I usually collect puzzles related to math after each MIT mystery hunt. I just discovered that I never reviewed the 2013 hunt, though I started writing the post. Plus, I knew the puzzles of that year better than other year’s puzzles: I was on the writing team. Not to mention, the hunt had some real gems.

I start with mathematical puzzles:

  • In the Details by Derek Kisman. This is one of my favorite puzzles ever involving evil fractal word search. I even posted the puzzle and the solution on my blog.
  • Integers and Sequence by me. I used my number gossip database to include cool facts about numbers. The numbers form sequences, as hinted by the title. (The title had a typo: sequences should be plural.)
  • Permuted by Victoria de Quehen, David Roe, and Andrew Fiori, with illustrations by Kiersten Brown, Turing machine by Adam Hesterberg, and ideas from Daphna Harel and David Farhi. The puzzle has many mini puzzles related to different areas of mathematics.
  • Basic Alphametics by David Farhi and Casey McNamara. I love this puzzle and often give it to my students.
  • 50/50 by Derek Kisman; server by Ben Buchwald. This is a multi-layered statistics puzzle with a fantastic design and should be included in statistics books. It was the most difficult puzzle of the hunt. Unfortunately, the link is broken, but luckily, I blogged about this puzzle.

Logic puzzles:

  • Color Sudoku by Byon Garrabrant and Tanya Khovanova.
  • Turnary Reasoning by Timothy Chow, Alan Deckelbaum, and Tanya Khovanova. The puzzle looks like a mixture of chess, checkers, and Magic the Gathering.
  • Paint-by-Symbols by R.M. Baur, based on an idea by Eric Wofsey. As the name suggests, this is a paint-by-numbers puzzle.
  • Time Conundrum by David Farhi. Many people loved this puzzle.
  • Portals by Palmer Mebane. Ten interconnected Nikoli-type logic puzzles. It is a very difficult puzzle with a fantastic design; I immensely enjoyed testing it.
  • Random Walk by Jeremy Sawicki. Another Nikoli-type masterpiece that I enjoyed.
  • Lineup by Charles Steinhardt and Palmer Mebane. Another paint-by-numbers with a twist.
  • Agricultural Operations by Palmer Mebane, based on an idea by Dan Zaharopol. Kenken with a mathematical twist. It might be the most mathematical puzzle in the hunt, a masterpiece that I greatly enjoyed.
  • Lojicomix by Robyn Speer and Alex Rozenshteyn; art by DD Liu.

Computer science puzzles:

  • This Page Intentionally Left Blank by Dan Gulotta, with some help from Robyn Speer. Another puzzle worthy of textbooks: It covers different ways how information can be hidden.
  • Halting Problem by Dan Gulotta. You have to analyze programs in different languages: the programs are designed to run for a VERY LONG time.
  • Evolution by Karen Rustad; idea and some screenshots by Asheesh Laroia. A puzzle about email clients.
  • Git Hub by Robyn Speer.
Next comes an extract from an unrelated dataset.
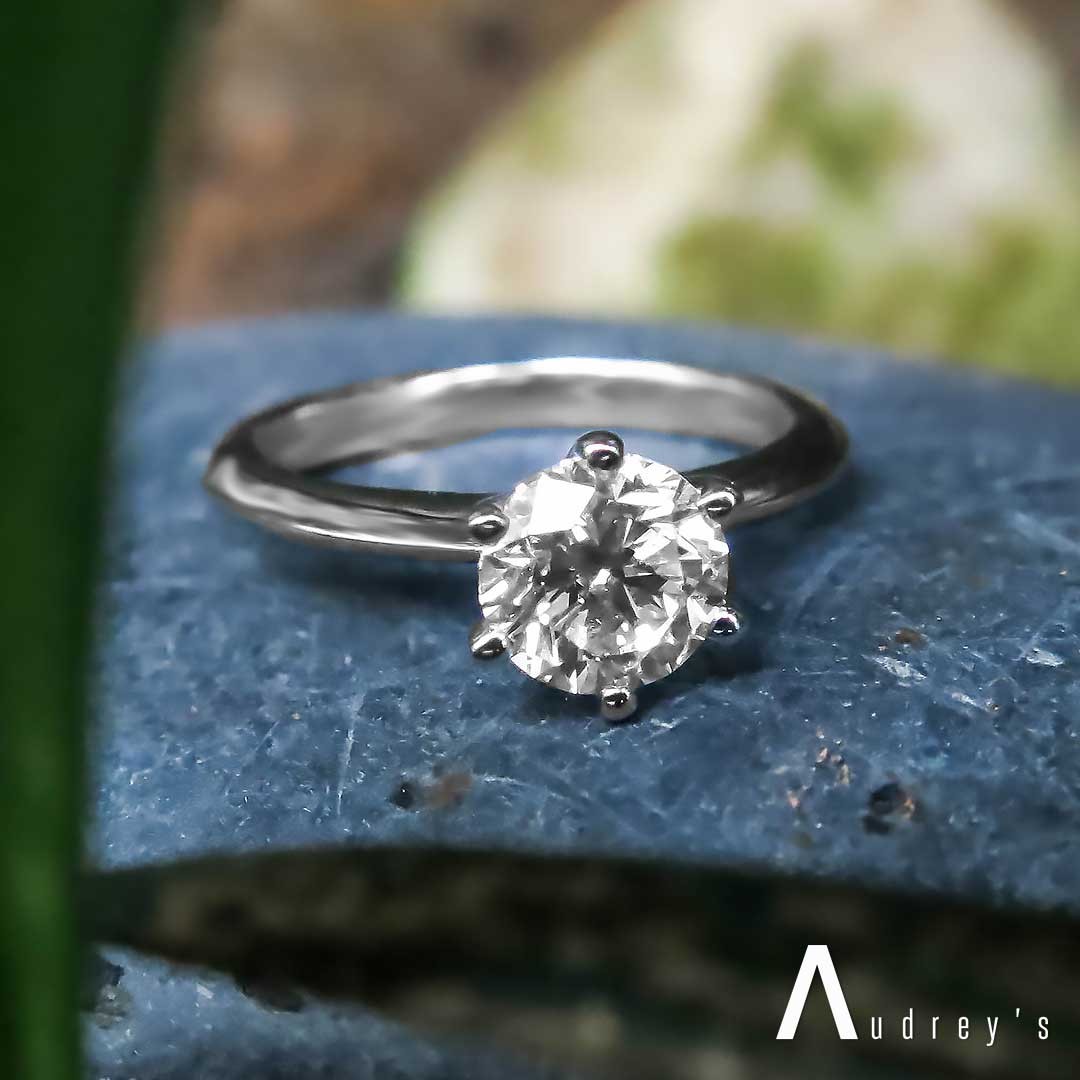 The most classic look of alldiamond engagement ring, the Linda. The solitaire engagement ring is a truebeauty featuring a sleek knife-edge band elegantly holding a brilliant, roundcut center diamond, captured by six surrounding prongs for a timeless displayof love.

A git repository puzzle.
  • Call and Response by Asheesh Laroia, Glenn Willen, and Charles Steinhardt. You are given only an IP address.

Crypto puzzles:

  • Infinite Cryptogram by Anders Kaseorg.
  • Security Theater by Sean Lip. I enjoyed this puzzle that uses various ways to encrypt information.
  • Open Secrets by Tanya Khovanova and Robyn Speer. A puzzle with many famous ciphers.
  • Caesar’s Palace by Jason Alonso, with casino-formatting by Robyn Speer, clue phrase by Adam Hesterberg. An encrypted crossword which I greatly enjoyed.
  • Famous Last Letters by David Farhi. Another encrypted crossword.

Word puzzles:

  • Split the Difference by R.M. Baur and Eli Bogart. A puzzle with cryptic clues, which I enjoyed.
  • Mind the Gaps by R.M. Baur and Eli Bogart. You are given an empty rectangular grid without black cells and cryptic crossword clues.
  • Changing States by Charles Steinhardt, Robyn Speer, and David Roe. A lovely easy puzzle which I enjoyed tremendously.
  • Wordplay by Ken Fan, Matt Jordan, Tanya Khovanova, Derek Kisman, and Ali Lloyd. You are given grouped cryptic clues.
  • Plead the Fifth by Eli Bogart and R.M. Baur, based on an idea by Eric Wofsey. An elegant puzzle with several AHA moments.
  • CrossWord Complex by Robin Baur, Eli Bogart, and Jeff Manning. The puzzle consists of six crosswords that turn into serious mathematics.
  • Ex Post Facto by Derek Kisman; idea by Tom Yue. An inventive multi-layered crossword, which I greatly enjoyed.
  • The Alphabet Book by Halimeda Glickman-Hoch and Robyn Speer, based on an idea by Bryce Herdt. Loved it.
  • Funny Story by Lilly Chin, Eric Mannes, and Jenny Nitishinskaya.
  • Loss By Compression by Charles Steinhardt and Robyn Speer. A cool puzzle.
  • A Regular Crossword by Dan Gulotta, based on an idea by Palmer Mebane. A hexagonal crossword with regular expressions as clues.
  • A Set of Words by David Farhi. You are given several boggle grids. I loved this puzzle very much.
  • Czar Cycle by Yasha Berchenko-Kogan. This is a weird puzzle that uses English, Russian, and Greek alphabets.

Misc puzzles:

  • Substance Abuse by David Reiley and Timothy Chow, with assistance from Jill Sazama, Shrenik Shah, and Glenn Willen.
  • Puzzle-Regarding Vehicle by Katie Steckles, Paul Taylor, and Ali Lloyd. An interesting and difficult puzzle.
  • A Walk Around Town by Sean Lip, Ludwig Schmidt, and Freddie Manners, with help from Mary Fortune and Jonathan Lee. The puzzle looks like a walk around town but has more to it. The idea is awesome.
  • Something in Common by Dan Gulotta and Tanya Khovanova.
  • Too Many Seacrest by Robyn Speer. A cool and funny puzzle.
  • Analogy Farm by Robyn Speer, Adam Hesterberg, and Alan Deckelbaum; additional code by Anthony Lu and John Stumpo. A superb analogy game. I loved it so much that after we solved it, I came back and resolved it myself. I am not sure it works anymore, though.
  • I Can See For Miles by David Roe, based on an idea by Charles Steinhardt. You are given aerial views of buildings. I usually do not like puzzles that involve googling, but using google maps in this puzzle made me feel like I am flying around the world.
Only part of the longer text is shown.